Beth Lilly, Prison Visit, 2011, archival pigment print 17 x 22 inches. Image courtesy Hagedorn Foundation Gallery.

The images stage, reenact, and rehearse memories dredged from Lilly’s imagination, confronting the viewer with the extent of their authenticity. Each photograph challenges the limitation of time, jumbling the historical nature of the story with the contemporary image. Disrupting the conventional narrative, Lilly visualizes the same characters in her stories with different models. Despite the discrepancies, viewers are encouraged to trust that the stories are true, even if the documentation is not real. The inextricable connection between the image and text bounds the artist and audience in a relationship that more closely approximates the intimacy created between narrator and reader. Based on the camera’s placement to capture each scene, a viewer can oscillate between being inside and outside of Lilly’s immersive yet fabricated fish bowl, moving between first- and third-person accounts.

While the work in the show is unafraid to move freely through time and perspective, the organization of the exhibition perhaps adheres too much to logic. By applying the title above the “beginning” of each series, the gallery text attempts too much control over how visitors should move through the space, instead of reveling in the freedom to swim around in the artist’s psyche.
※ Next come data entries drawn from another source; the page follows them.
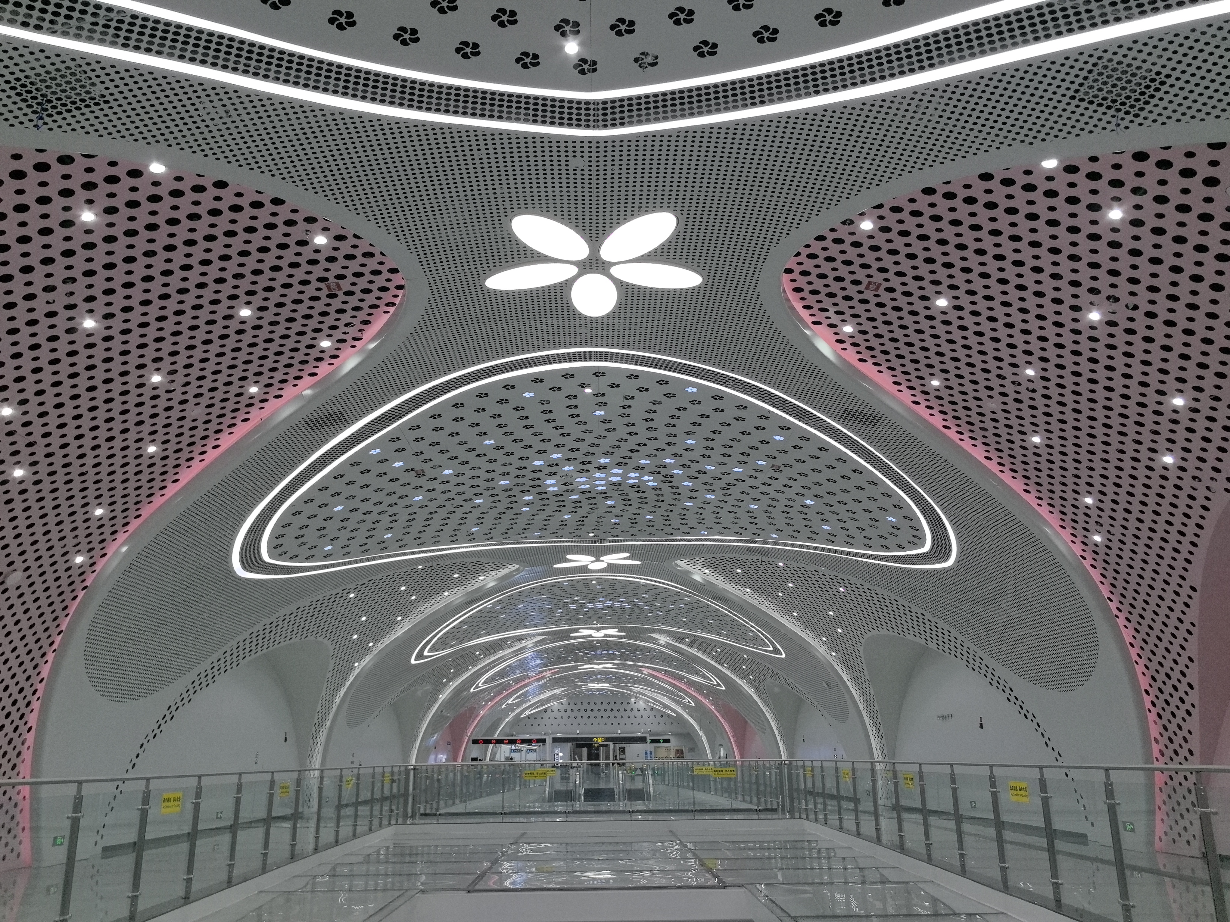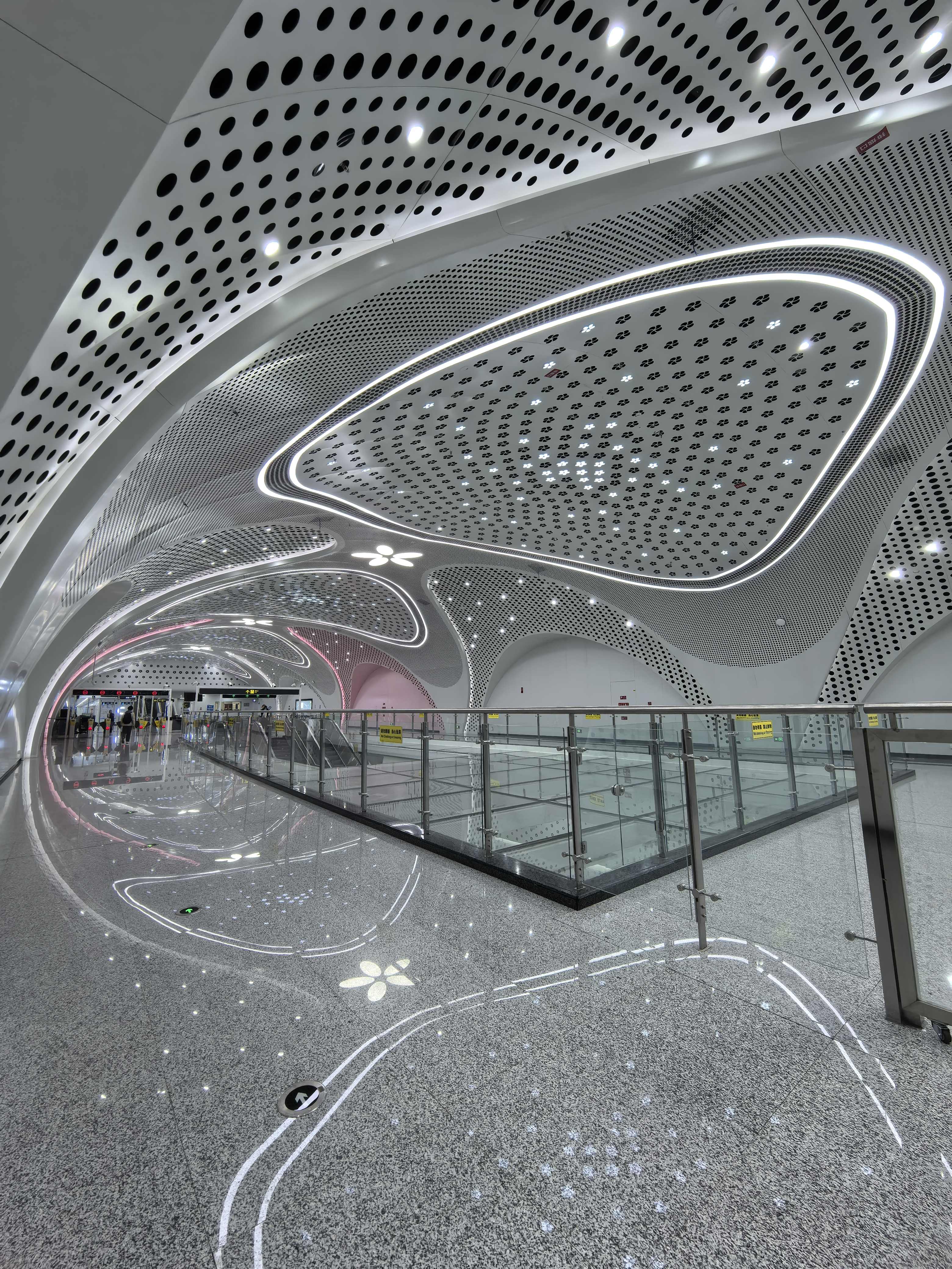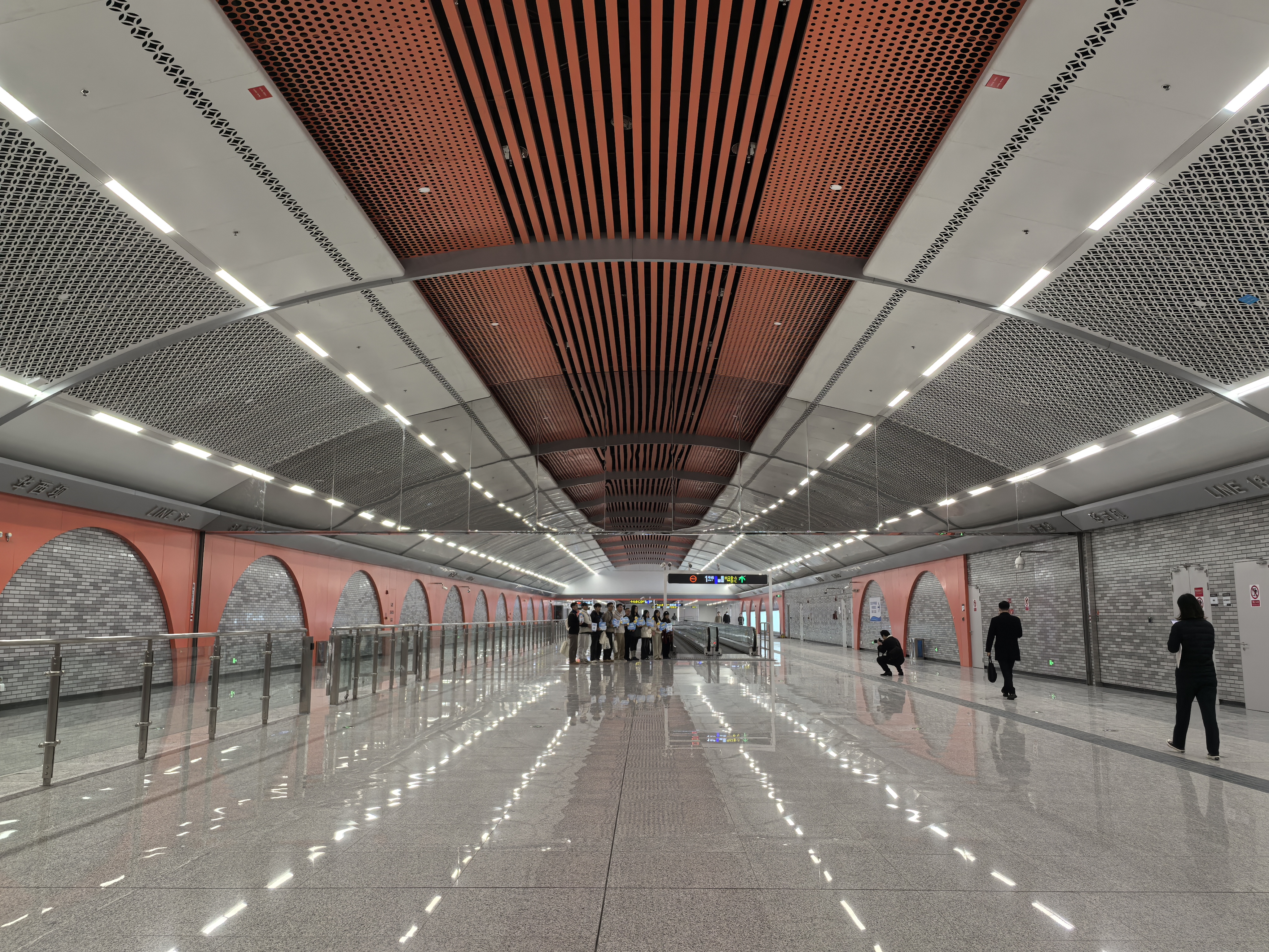 “刚上扶梯就听到一片‘哇’声!”市民代表余女士带着女儿走进30号线幸福梅林站,女儿兴奋地指着弧形拱顶喊道:“好像走进了梅花林!”该车站以梅花粉与白色交替搭配,全长221米的弧形拱顶下无一立柱,视野开阔如艺术展厅。装修负责人严学波介绍,设计灵感正源自地上的幸福梅林景区,实现了地下空间与地上文化的和谐对话。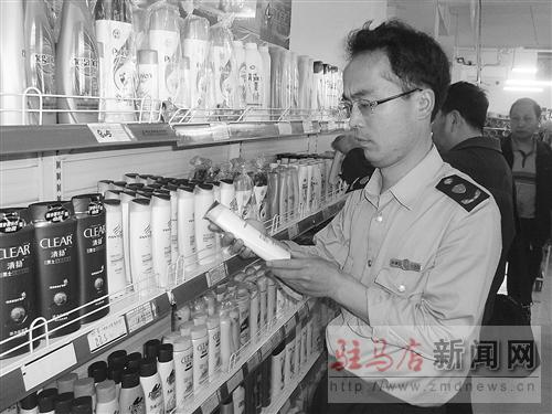 近日,確山縣工商局對日化用品進行了專項整治,嚴防假冒日化用品流入市場。圖為該局執法人員在一超市內檢查日化用品。 記者 張新義 通訊員 田 華 攝影報道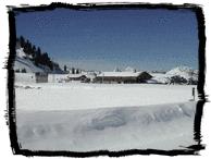 Die Hütte befindet sich ganz oben am Hornberg auf 1810 müM direkt nebem dem Schneekanonen-Speichersee. Das Plateau bietet eine einmalige Aussicht. Ca. 300m entfernt befindet sich das Berghotel Hornberg, wo auch geduscht werden kann. Ein kleiner Abendspaziergang zu einem Dessert ist auch eine willkommene Abwechslung.
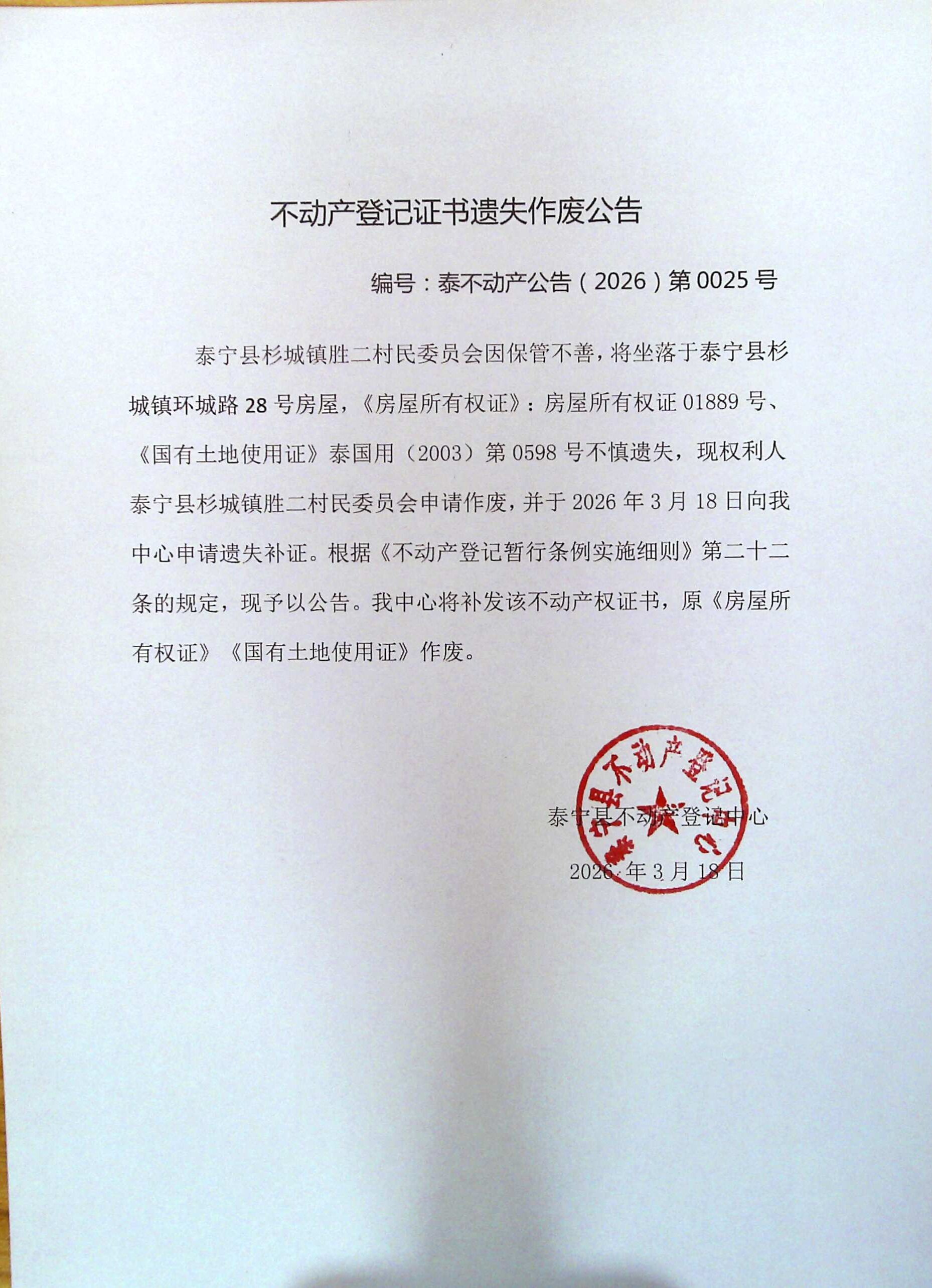 不动产权证书遗失作废公告(泰宁县杉城镇胜二村民委员会)25号

Beth Lilly, Escaped Convicts, 2011, archival pigment print, 17 x 22 inches. Image courtesy Hagedorn Foundation Gallery.

The series Escaped Convicts exemplifies the unique interpretations afforded with hindsight, and its ability to jump through time. In the series, the artist describes her brother’s crime and imprisonment as well as a later encounter with escaped convicts posing as hitchhikers. The orange boots at center of the narrative generate complex yet distinct emotions when reversing or fast-forwarding through her memories. Demonstrating more accurately the way we sift through the past, the same series opens to endless interpretations depending on how a story unfolds. It is here that we find the hand-scribbled note mentioned at the beginning of this article, reminding us that stories are not static but malleable forms.

Throughout the exhibition, Lilly asks to be considered a reliable narrator. With her title’s assertion that “every single one of these stories is true,” the accounts collectively reflect the beauty, mystery, and messiness of life. By mining various components of her past, the exhibition also encourages us as viewers to reflect upon the construction of our own narratives.